Though just a freshman, Amit Tamir feasted on the Ducks last year. He knocked down a career high 39 points in an unconscious effort against the Ducks in the 107-103 OT Cal win, and also punched in another team high 19 points in Eugene in a narrow 76-72 loss. Tamir is the kind of player who just picks some teams to play big against. Perhaps it's the way he develops his confidence, or the way Oregon defends him…but no matter the case, Tamir has flat out binged on the Ducks. Amit is a very pivotal player to the Bears, and when he usually plays his best games its clear the Bears win. That can't be said about every player on the Cal team, but its very true about Amit. Gabe Hughes will have an important job to do in the lane as well, and how he plays on defense is really all that matters. Hughes has to stay on the ground and defend the interior pass by driving players. Oregon runs a quick-curl offense in the lane (we'll see Jackson as the curl man 90% of the time), and if a center double teams or tries to come over for a block, he'll get burned again and again on simple lay-up's by the weakside post player. Jay Anderson, Robert Johnson, and Brian Helquist will score 70% of their overall points on that basic play, and that is exactly why Cal has to stay grounded. I don't however believe Gabe will contain himself, so that's why I see David Paris playing a ton on Thursday night. Paris does not go for the sensational block.

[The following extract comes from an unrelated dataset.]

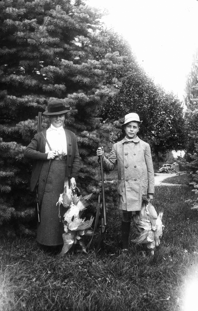 Fru Ella Bellander med sonen Sixten efter lyckad fågeljakt.

This game has a chance to be physical if its played at Cal's pace, so if we see some charges, defense to offense transition, tough on the ball defense, etc., the Bears will do well. Richard Midgley, Joe Shipp, and Brian Wethers all need to rebound…as that is an Oregon weakness. There is no point in trying to run with the Ducks either, so getting in the paint after shots to rebound is exactly what the Bears will focus on. One of the main advantages that Oregon will have is the foot speed of Ridnour against Midgley. That'll be something to watch, but if Richard plays smart defensively…he can match up. Midgley will not back off him, and when Ben wants to get defensive, Diggs will be ready. A big key for Cal is to keep their composure in the 2nd half, and make sure the get off to a quality start.

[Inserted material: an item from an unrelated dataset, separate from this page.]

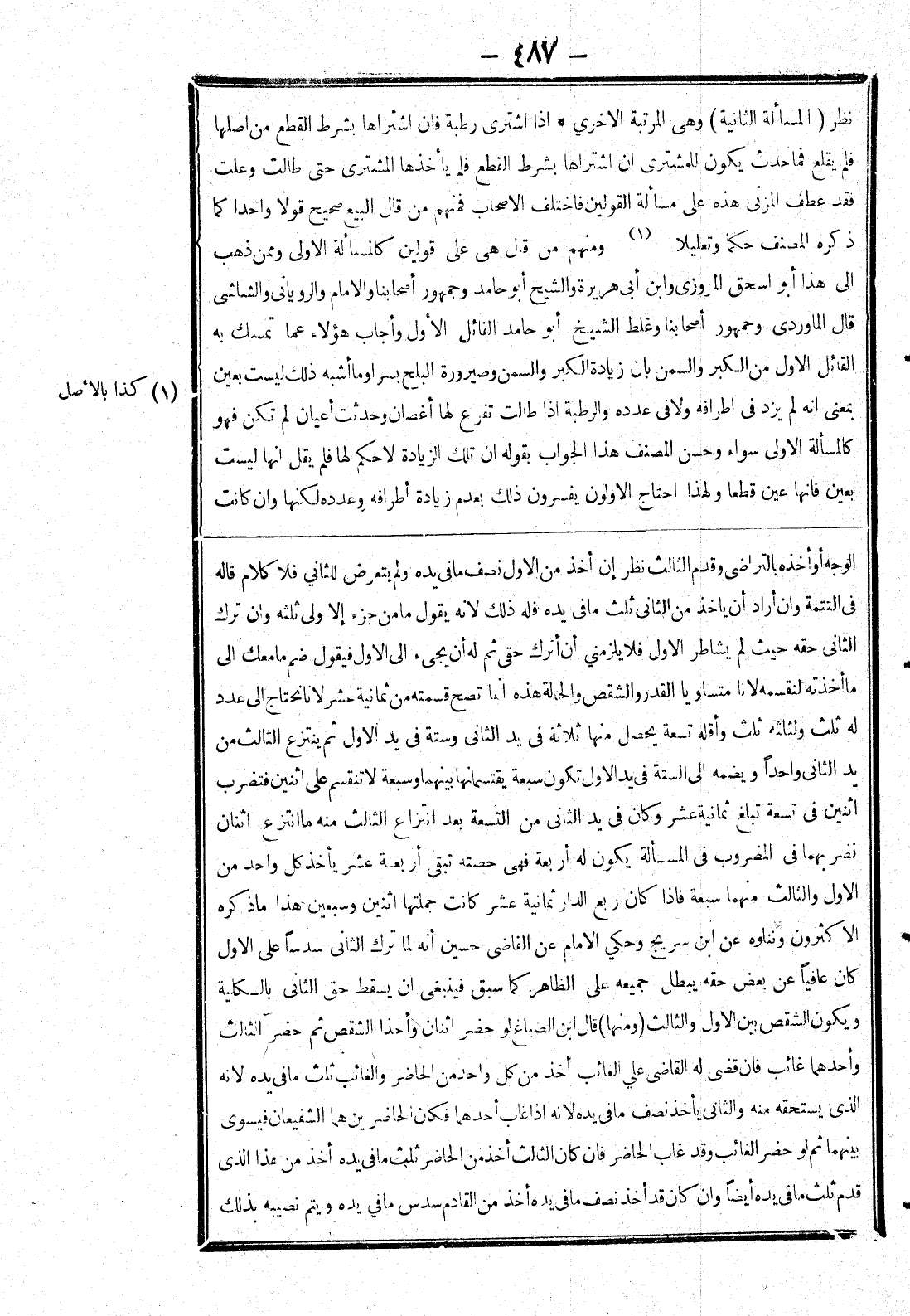 الوجه أو أخذه بالتراضي وقدم الثالث نظر إن أخذ من الاول نصف ما في يده ولم يتعرض للثاني فلا كلام قاله في التتمة وان أراد أن ياخذ من الثاني ثلث ما في يده فله ذلك لانه يقول ما من جزء إلا ولى ثلثه وان ترك الثاني حقه حيث لم يشاطر الاول فلا يلزمني أن أترك حقي ثم له أن يجئ إلى الاول فيقول ضم ما معك إلى ما أخذته لنقسمه لانا متساويا القدر والشقص والحالة هذه انما تصح قسمته من ثمانية عشر لانا نحتاج إلى عدد له ثلث ولثلثه ثلث وأقله تسعة يحصل منها ثلاثة في يد الثاني وستة في يد الاول ثم ينتزع الثالث من يد الثاني واحد ويضمه إلى الستة في يد الاول تكون سبعة يقتسمانها بينهما وسبعة لا تنقسم على اثنين فتضرب اثنين في تسعة تبلغ ثمانية عشر وكان في يد الثاني من التسعة بعد انتزاع الثالث منه ما انتزع اثنان نضربهما في المضروب في المسألة يكون له أربعة فهى حصته تبقى أربعة عشر يأخذ كل واحد من الاول والثالث منهما سبعة فإذا كان ربع الدار ثمانية عشر كانت جملتها اثنين وسبعين هذا ما ذكره الاكثرون ونقلوه عن ابن سريج وحكي الامام عن القاضي حسين أنه لما ترك الثاني سدسا على الاول كان عافيا عن بعض حقه يبطل جميعه على الظاهر كما سبق فينبغي ان يسقط حق الثاني بالكلية ويكون الشقص بين الاول والثالث (ومنها) قال ابن الصباغ لو حضر اثنان وأخذا الشقص ثم حضر الثالث وأحدهما غائب فان قضى له القاضي على الغائب أخذ من كل واحد من الحاضر والغائب ثلث ما في يده لانه الذي يستحقه منه الثاني يأخذ نصف ما في يده لانه إذا غاب أحدهما فكان الحاضرين هما الشفيعان فيسوى بينهما ثم لو حضر الغائب وقد غاب الحاضر فان كان الثالث أخذ من الحاضر ثلث ما في يده أخذ من هذا الذي قدم ثلث ما في يده أيضا وان كان قد أخذ نصف ما في يده أخذ من القادم سدس ما في يده ويتم نصيبه بذلك

Jackson vs. Shipp will be the marquee match-up of the night. Joe has his hands full for sure, though both players play at the same foot speed, and like the same amount of contact. The key for Shipp is to not give up, even when Jackson makes the tough ones. Both Shipp & Jackson are inside-out threats, but can score on curls near the basket too. Amit Tamir might be guarded on the other end by Jackson though, as he was from time to time last year. Again, we'll see Ridnour against Midgley, and Wethers on James Davis. I have a feeling that we might see more of Andre Joseph since Wethers elevates so well. 

If the Bears keep the score in the 80's, they should win. If it hits the 90's, their chances go way down. I have no doubt that the Bears will play with energy, emotion, and excitement…and I believe they will win this game. My take is that Oregon will play harder on the offensive end then they will on the defensive end, and that will play right into the Bears hands. We could see a number of runs by both teams, but I have to believe that the Bears will play better defense. There is certainly a ton of incentive for Cal, and I think the Bears have to be confident they can beat the Ducks having split with them last year. I have had this two-game stretch (Stanford at Haas, followed by Oregon at Haas) marked as the two biggest games of the year since I saw the schedule, and I believe the Bears will step it up again. As I said in my Stanford preview, Cal has been waiting all year for the Pac-10 schedule to start. Any Pac-10 team looking to make the tournament has to win their home games. 

I'll go ahead an predict that the player of the game will again be Brian Wethers, though I know I should take Amit Tamir. Richard Midgley should play extremely well and hold his own against Luke Ridnour. I believe Cal is peaking, and I'll draw the final score at 84-78 Cal. I am 9-1 on the year in Predictions.